▸ Listed entries:
■ ■ ■ ■ ■
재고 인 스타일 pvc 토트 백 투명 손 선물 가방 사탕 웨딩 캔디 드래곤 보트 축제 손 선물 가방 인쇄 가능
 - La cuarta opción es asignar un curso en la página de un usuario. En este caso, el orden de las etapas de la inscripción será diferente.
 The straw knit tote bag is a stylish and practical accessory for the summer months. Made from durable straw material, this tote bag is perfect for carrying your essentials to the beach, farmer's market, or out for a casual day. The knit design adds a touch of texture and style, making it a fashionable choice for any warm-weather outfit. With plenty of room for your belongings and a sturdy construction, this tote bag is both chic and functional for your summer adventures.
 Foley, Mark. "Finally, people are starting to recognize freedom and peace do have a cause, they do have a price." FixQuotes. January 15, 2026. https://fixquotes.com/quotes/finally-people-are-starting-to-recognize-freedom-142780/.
■ ■ ■ ■ ■
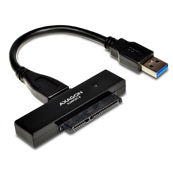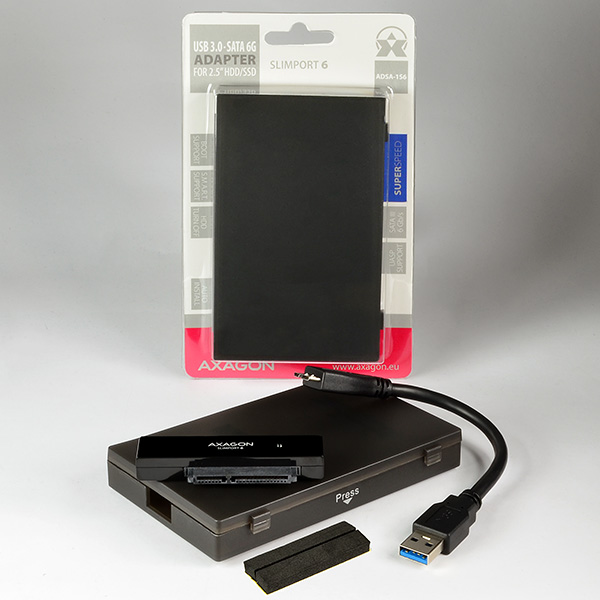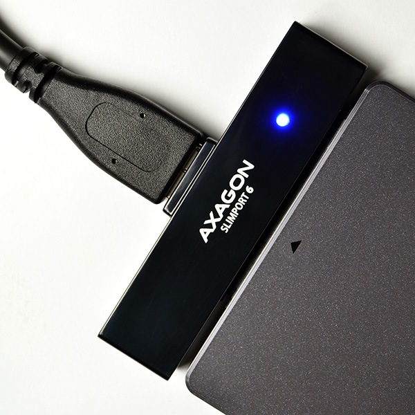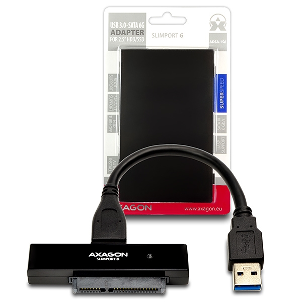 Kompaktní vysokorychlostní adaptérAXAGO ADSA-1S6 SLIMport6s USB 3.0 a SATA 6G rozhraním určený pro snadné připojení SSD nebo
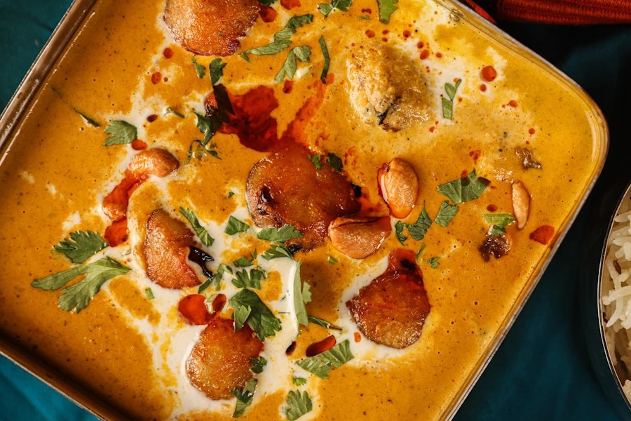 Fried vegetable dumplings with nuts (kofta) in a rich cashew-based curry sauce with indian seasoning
■ ■ ■ ■ ■
▸ What the task asks:
Produce only the lines from the line containing "재고 인 스타일 pvc" through the line containing "The straw knit", inclusive of both, exactly as they stand in the entries above.

▸ Problem solution:
재고 인 스타일 pvc 토트 백 투명 손 선물 가방 사탕 웨딩 캔디 드래곤 보트 축제 손 선물 가방 인쇄 가능
 - La cuarta opción es asignar un curso en la página de un usuario. En este caso, el orden de las etapas de la inscripción será diferente.
 The straw knit tote bag is a stylish and practical accessory for the summer months. Made from durable straw material, this tote bag is perfect for carrying your essentials to the beach, farmer's market, or out for a casual day. The knit design adds a touch of texture and style, making it a fashionable choice for any warm-weather outfit. With plenty of room for your belongings and a sturdy construction, this tote bag is both chic and functional for your summer adventures.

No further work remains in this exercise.